# FreeBSD 9.0 RAID settings for phpVirtualBox



## mipam007 (Dec 28, 2012)

Cheerio!

one Dell PoweEdge R720 include with 2x SD 2GB cards in redundant mode, with 4x 146GB 15k SAS & 4x 900GB 10k SAS connected to PERC H710 (for our internal development purposes).

I did 2x RAID 10: one mfid0 _(272.25GB)_ from 4x 146GB/15k/SAS & 2nd mfid1 _(1675.50GB)_ from 4x 900GB/10k/SAS.

My question is based on the consideration how best to divide the disk for virtualization.

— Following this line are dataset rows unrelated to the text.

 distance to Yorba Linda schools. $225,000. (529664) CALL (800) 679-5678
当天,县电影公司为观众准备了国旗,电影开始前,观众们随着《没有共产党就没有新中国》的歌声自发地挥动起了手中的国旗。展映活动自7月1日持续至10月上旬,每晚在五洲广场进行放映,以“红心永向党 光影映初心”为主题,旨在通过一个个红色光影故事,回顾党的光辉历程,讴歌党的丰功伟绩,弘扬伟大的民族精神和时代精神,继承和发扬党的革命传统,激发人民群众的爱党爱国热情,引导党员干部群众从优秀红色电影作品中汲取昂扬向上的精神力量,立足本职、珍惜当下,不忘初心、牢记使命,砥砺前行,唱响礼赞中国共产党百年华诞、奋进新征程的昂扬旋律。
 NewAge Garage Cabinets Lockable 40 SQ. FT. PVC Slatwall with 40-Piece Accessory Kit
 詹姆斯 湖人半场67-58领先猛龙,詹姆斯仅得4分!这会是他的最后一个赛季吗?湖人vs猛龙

Should I install minimal system to 2xSD card and let /usr (& /usr/home) in one of RAID 10 virt. disks. Is there any benefit of it?

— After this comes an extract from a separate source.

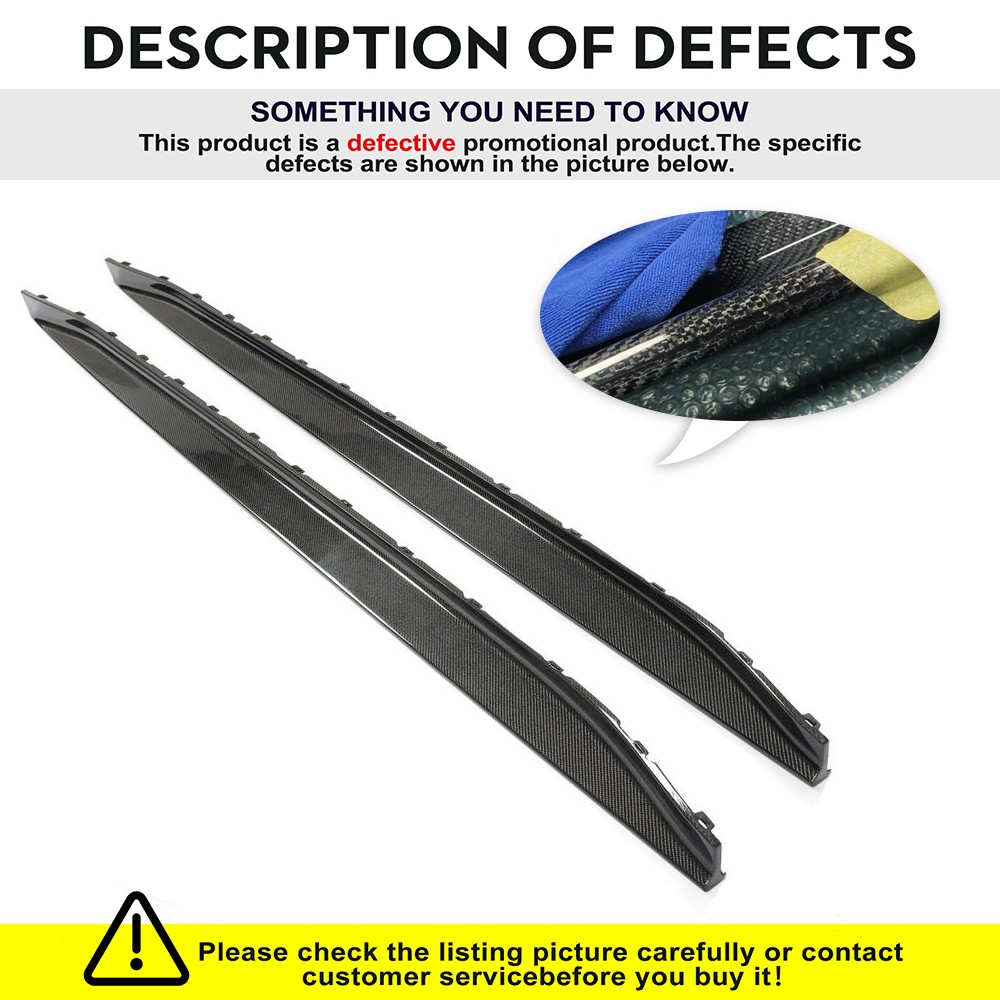 NOTE:This is a defective item clearance sale, the defects are mainly messy lines, please check the detail picture carefully before buying, no returns accepted. Fitment: Fits for BMW 4 Series G82 G83 M4 2-Door 2021-2025 Specifications: Product Name: Side Skirt Splitters Material: Carbon Fiber Package Size: 212*24*22cm Package Weight: 5kg Features: Super light Weight and Durable. UV-Protective Clear Coated: Fade & Rust Resistant. No Modification or Cutting Required. Direct Add-On Application with screws.Only Clean And Stick On. Directly Goes Over the 2 Valance On The Front Bumper Quality 3K Weaven Carbon Fiber Cover with Hard UV-Protected Coating. Improves Appearance and AeroDynamic All at Once. Package included: 2 x Side Skirt Splitters with screws NOTE:This is a defective item clearance sale, the defects are mainly messy lines, please check the detail picture carefully before buying, no returns accepted. Fitment: Fits for BMW 4 Series G82 G83 M4 2-Door 2021-2025 Specifications: Product Name: Side Skirt Splitters Material: Carbon Fiber Package Size: 212*24*22cm Package Weight: 5kg Features: Super light Weight and Durable. UV-Protective Clear Coated: Fade & Rust Resistant. No Modification or Cutting Required. Direct Add-On Application with screws.Only Clean And Stick On. Directly Goes Over the 2 Valance On The Front Bumper Quality 3K Weaven Carbon Fiber Cover with Hard UV-Protected Coating. Improves Appearance and AeroDynamic All at Once. Package included: 2 x Side Skirt Splitte rs with screws Delivery details Payment and TAX Warranty Policy Return Policy Contact us Delivery details NOTE: The shipping fee is only for the mainland of each country, it does not include the overseas territories, such as Virgin Islands (U.S.) , Puerto Rico, Hawaii , French Reunion Island, etc. But on ebay, when buyers from Puerto Rico and overseas territories , the shipping fee is equal to United States, it is NOT correct,. please contact us for correct shipping fee, or we will cancel the order. Sorry for the inconvenience, and thanks for your cooperation. 1. If you want to upgrade the shipping, please contact us before making payment, we will revise the shipping fee. 2. We will ship according to your Ebay address. Please make sure it is correct and include phone number for delivery. If you want to know the exact shipping time , please contact us . Payment and TAX 1.We accept Multiple Payment Methods Available: Credit Card, Debit Card, Gift Card, Apple Pay, Goggle Pay, PayPal and PayPal Cred. 2.Please leave note for your special request (e.g. Colors or Size) in ebay note when you pay the order. 3.Your must complete the payment within 7 days or Ebay will automatically open unpaid item case For US Buyer:The invoice value of each item is less than 800USD ,so you no need to pay any tariff . NON-US Buyer Note: Most countries are tax free based on our invoices, if tax is required, which will be buyer's responsibility. Warranty Policy We Warranty Our Product Within the Limited Warranty Policy Specified on Ebay. Please Email us if ou have any question regarding the warranty policy on a specific item. Most of the items are Aftermarket Parts and they are intended for off-road usage only, therefore no installation instruction will be included, Professional installation are Highly Recommended. We are not responsible for any damages to the item or the vehicle that occur during the installation of the item.Also, Please Make Sure Proper Installation is Performed as we are not responsible for item being missing or flew off after the installation. if you don't think the item can stay on the car properly, please do not attempt to drive the car with it and please check with professional shops/mechanics or contact us for assistance. Return Policy We Accept Returns Within the Return Period On Ebay. Return Authorization/Return Approval is Required For Every Return. So If you Wish to Make a Return On Your Purchase. Please Contact us Before You Send The item back For any damages occured to the item upon arrival, Please notify us within 5 days of the delivery so we can take proper action to fix the issue. So Please Kindly inspect and check the item condition upon arrival.For Any other Return Inquries, You can contact us within the return period to obtain return authorization/return approval. In case of return, the merchandise needs to be returned in original condition with origi- nal packaging in order to be eligible for an exchange or a refund. Items must be not opened in their original package. Any mark of installation, mounting, cutting, scratch or using will not be allowed. Contact us 1.We are trying our best to explain all details of the products here! If you have any question, please feel free to contact us by Ebay message, and We will get back to you within 24-48 hours. 2.Customer satisfaction is our NO.1 priority. If you are not happy with the item that you purchase, please contact us first. We will try our best to solve the problem with you.Please leave us a positive feedback if you receive the item.Please do not leave negative or neutral feedback without any contact.If you haven't received item in 30 days, please contact us and we will arrange refund.We appreciate your business.Happy Bidding & Have a nice day! 3.Working hours: From 8 a.m. to 6 p.m. from Monday to Friday. From 8 a.m. to 12 a.m. on Saturday morning Holiday/Rest time: Saturday afternoon and Sunday

Can I use, let say mfid1 as a disk for virtualization and 1st mfid0 as some kind of cache (if is it possible)? Is there any benefit of it?

Has anyone RAID_experienced_FreeBSD_guru any suggestions, please?
Thanks much!


----------



## Aic (Dec 28, 2012)

May be this? 
https://forums.freebsd.org/showthread.php?t=23544


----------



## mipam007 (Dec 28, 2012)

@Aic thanks for suggestion. Is it good to use ZFS on HW RAID? I am not able to see/use physical disks on booted FreeBSD 9.0 installation CD till I create HW RAID.


----------



## SirDice (Dec 28, 2012)

mipam007 said:
			
		

> Is it good to use ZFS on HW RAID? I am not able to see/use physical disks on booted FreeBSD 9.0 installation CD till I create HW RAID.


You probably need to configure them as JBOD.


----------